Da autoria de Maria João Brito de Sousa, sócia nº 88 da Associação Portuguesa de Poetas, Membro Efectivo da Academia Virtual Sala dos Poetas e Escritores - AVSPE -, Membro da Academia Virtual de Letras (AVL) , autora no Portal CEN, e membro da Associação Desenhando Sonhos, escrito num portátil gentilmente oferecido pelos seus leitores.
...porque os poemas nascem, alimentam-se, crescem, reproduzem-se e (por vezes...) não morrem.
Há dias, - tantos dias... - em que os dedos se me contorcem em torno de inexistentes canetas e eu fico num confronto desigual com a dor física que vai mordendo, insistentemente, o anestesiado manto em que me envolvo.

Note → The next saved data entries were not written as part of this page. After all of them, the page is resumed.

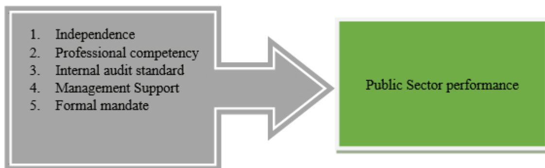
Figure 1. Conceptual Framework of the Study

This section provides a conceptual frame work for this study based on literature review. It explains the key variables and relationships variables. It assumes that
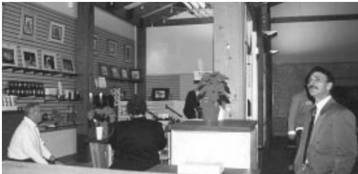
New gathering place. A new environmental education center at John Heinz Refuge features a gift shop run by the Friends of John Heinz NWR at Tinicum.

Urban national wildlife refuges preserve some of the most important tracts of undeveloped lands in the nation's large cities. To succeed, they need community support and innovative thinking.
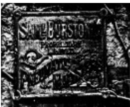
268 - Sweeneys Cottage Eltham 19 - Shire of Eltham Heritage Study 1992
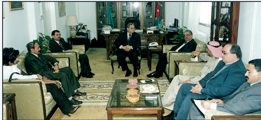
Part of the visit
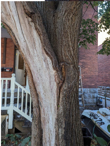
Above: Tree 1 (right) and Tree 2 (left) - City lindens to be retained.
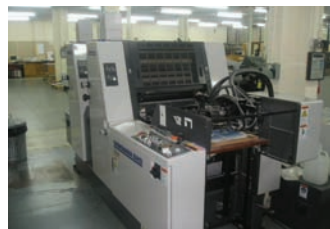
Muller Martini 1509 (1996)

6 Section Feeders, Cover Feeder, Twin Head Stitching Unit, 3 Knife Trimmer, Shingle Delivery, 3000 - 5000 CPH
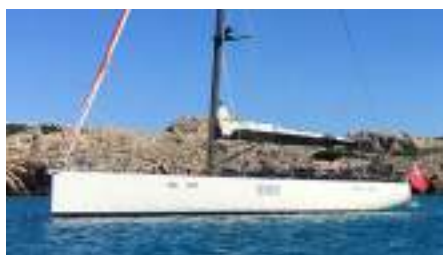
TUSCAN SPIRIT HANSE 630e 19.00 m 2014 Location: Near Pisa, Italy EUR 790 000
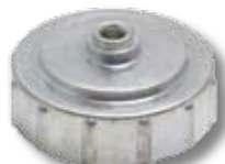
01-0023 Mikuni Cap
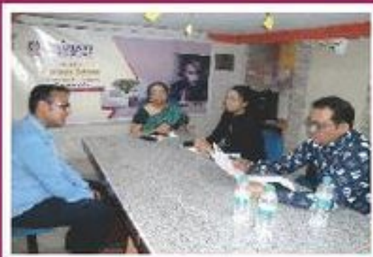
Jawed Habib Hair & Beauty
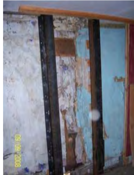
Steel bracing installed on east wall
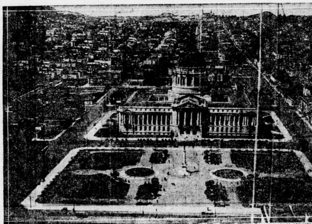
SAN FRANCISCO FROM THE AIR

The bodies of 138 American sailors and marines, which were interred in the Kerfentras military cemetery at Brest, France, reached New York May 18th, and the following day impressive funeral ceremonies were held at the Brooklyn Naval Base. Secretary Daniels paid a glowing tribute to the heroes who gave their lives for their country, and 200 sailors from the battleship Tennessee formed a guard of honor. The bodies will be sent to their homes in various parts of the country.
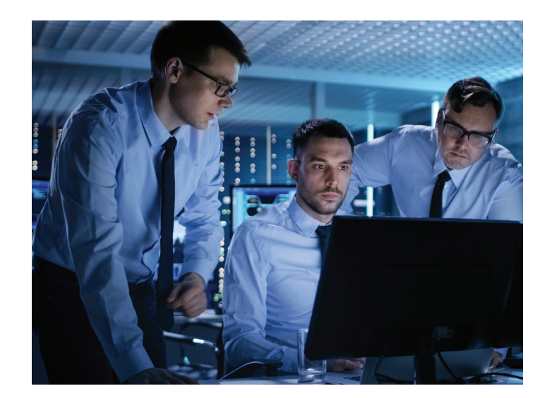
With the objective of zero compliance violations and a new level of security, a converged solution is the best way to close the security gaps and deliver automated policy and compliance enforcement.

Unified Threat Management: Physical Threats, Insider Threats, Cyber Threats and Advanced Persistent Threats: Gain a unified view of threats across the enterprise and deploy rules-based solutions to prevent malicious acts, sabotage, terrorism and cyber threats.
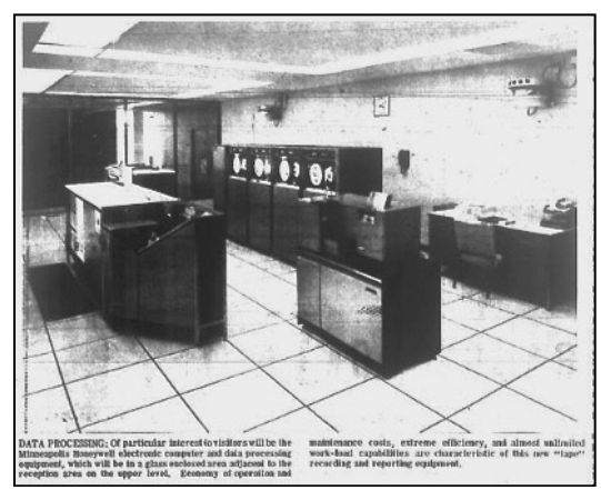
Figure 3: Honeywell computers on display at the grand opening.

at the Barovetto-designed branch library. "Avant Garde Sculpture?," the writer asked rhetorically, before reassuring readers that the new library's final lines would be "clean and straight and not as far-out as it might look now."<sup>24</sup>
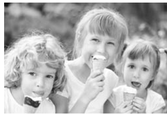
4. The girls _____
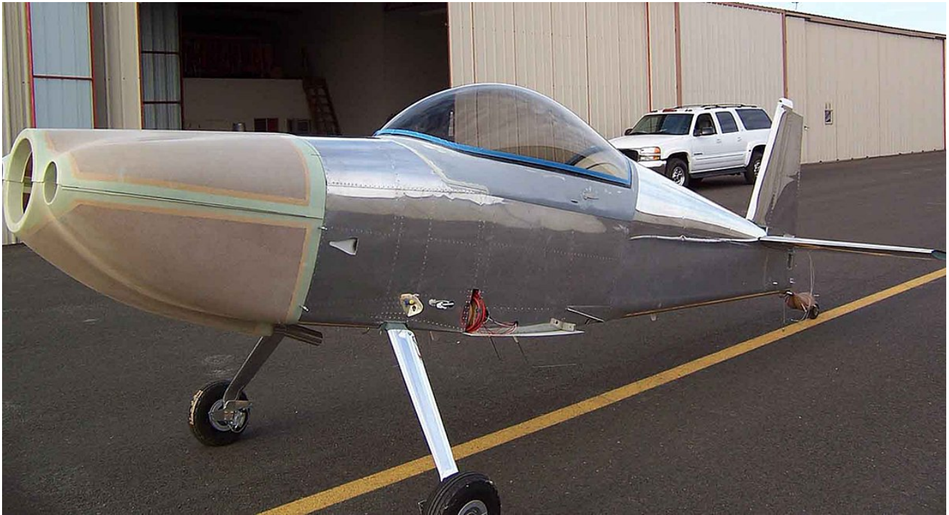
Larry Keeling's RV-8 fastback showing the Showplanes.com turtleback, canopy, and cowling

Mustangs Unlimited creates 1/5th scale aircraft replicas to use as weather vanes, hangar art, or home décor. The airplanes are individually crafted of fiberglass with a propeller that turns in the wind. Each aircraft weathervane is painted to the buyer's specifications. The wingspan is 7 feet; the fuselage is 6 feet long and each plane weighs 45 pounds. Choose from Mustangs, Spitfires, Corsairs, or Air Tractors. For more information, visit www.FlyingVanes.com .
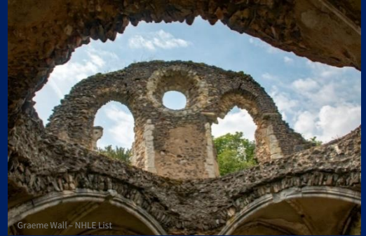
Graeme Wall - NHLE List

Heritage crime can include offences such as lead theft from churches, damage to ancient monuments and illegal metal detecting. Heritage crime may also include breach of planning rules related to listed buildings, but this is dealt with by the council planning control and not the police.
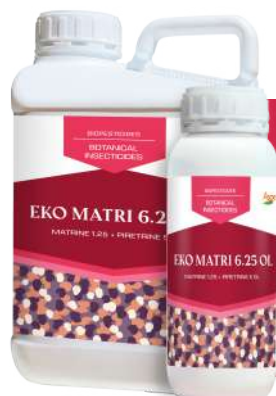
MATRINE 1.25 + PIRETRINE 5 OL
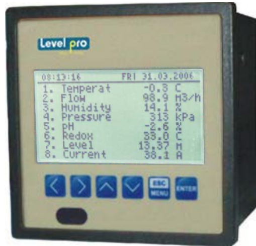
An example of what the display looks like
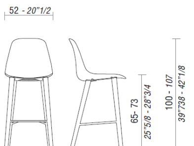
POLA, 4 wooden legs stool.
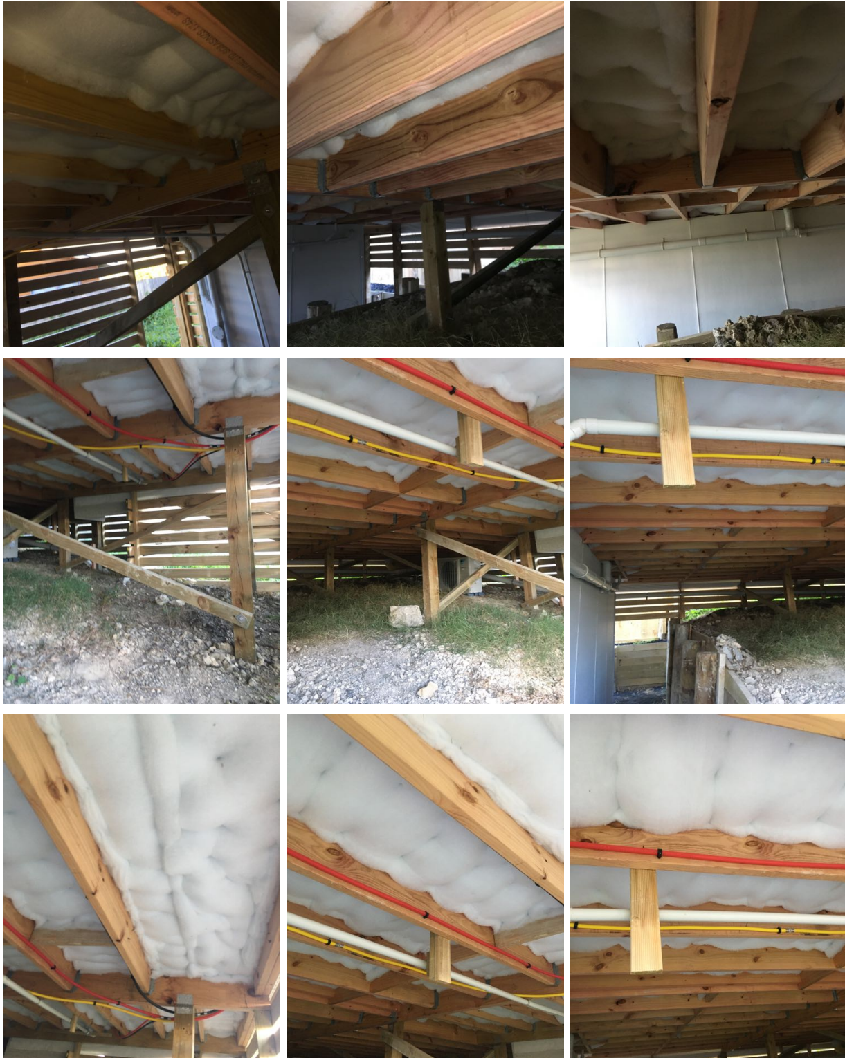
Underfloor Insulation Type 1
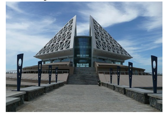
New Museum that just opened near the beach
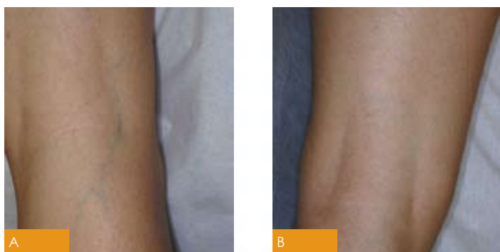
Figure 2. A 40-year old woman with large reticular veins on the right leg (a) and three months after a single treatment with the Cynergy with MultiPlex system (b) at 7 mm spot size (PDL: 6.5 J/cm 2 , 20 ms; Nd:YAG: 40 J/cm 2 , 30 ms; delay: long). Adverse effects were limited to mild, temporary erythema and purpura.

Legs were treated to the appearance of transient blanching of the vessels and without anesthesia, pretreatment care, or posttreatment care. The SmartCool was set at fan speed 5 during all treatments.
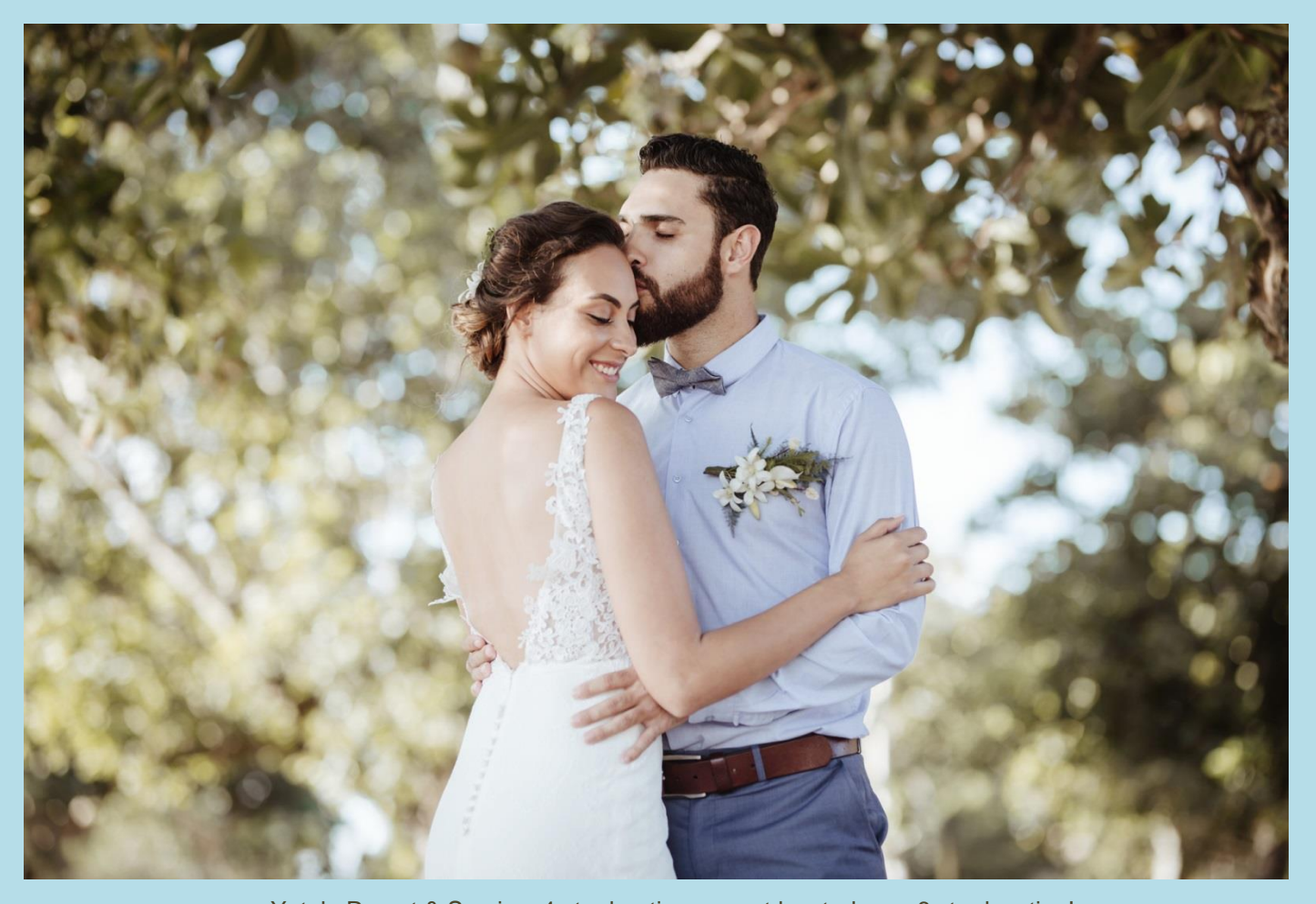
Yatule Resort & Spa is a 4 star boutique resort located on a 6 star location!

Discover a tropical beachfront paradise on Fiji's stunning Natadola Beach. Within an hour from the Nadi International Airport you will have your feet in white sand and overlooking the beautiful blue waters of Natadola Bay, regarded as one of the world's finest beaches. All rooms are only steps to the beach depending on how quickly you want to get there! For the wedding of your dreams, picture the pristine white sands of Natadola Beach with a perfect sunset and attentive staff. We take care of every detail to make your day truly special. Your guests will enjoy every aspect of their stay with comfortable resort facilities and a huge range of local attractions. Therefore if it is your wedding or your honeymoon rest assured that our wonderful staff at Yatule Resort and Spa Natadola Beach will take care of your needs.
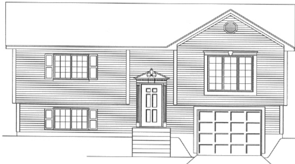
Shown with optional tuck-under garage

Nesses dias, - quase todos, quase sempre - retomo o sorriso de Maria-Sem-Camisa e nascem-me sonetos com a sonoridade das gargalhadas e do canto. As mãos, mesmo tolhidas, recusam a imobilidade imposta pela dor e procuram, tacteiam em torno de qualquer coisa que escreva. Qualquer coisa onde escrever. Nem sempre visíveis, porque inevitavelmente dispersos, os objectos acabam por me encontrar, quase sempre no limite do verso que nasce.
Dentro desses momentos há, sempre, outros momentos em que outras urgências se antecipam à minha própria urgência. Um dos gatos vomita. A cadela arranha a porta da rua num evidente apelo a um breve passeio, o cheiro a arroz queimado recorda-me o jantar dos cães, que estava ao lume...
São dias como outros quaisquer. Porque todos os dias são dias de dedos contorcidos sobre si, de teimosa ignorância da dor física, de sonetos que querem nascer, de gatos que vomitam, de cadelas e cães que necessitam e ir à rua e alimentar-se.
Todos os dias são, também, dias de pombos que necessitam de ser alimentados, de gaiolas-transportadoras a limpar e desinfectar, de bebedouros que têm de ser lavados e enchidos da preciosa água da torneira.
Nem todos os dias, porém, são dias de eleições nos U.S.A. e nem todos os dias vemos um jovem negro de ideias arejadas tomar as rédeas do poder no "so called" Novo Mundo.
Também nem todos os dias se recebe um email de alguém que não vemos há anos e nos diz : "obrigada por quase tudo... ". Aí, os dedos, mesmo doridos, contorcidos em torno de inexistentes canetas, esquecem-se por minutos das suas limitações. Afinal nem todos os filhos têm muito que agradecer às mães. Mesmo com o "quase".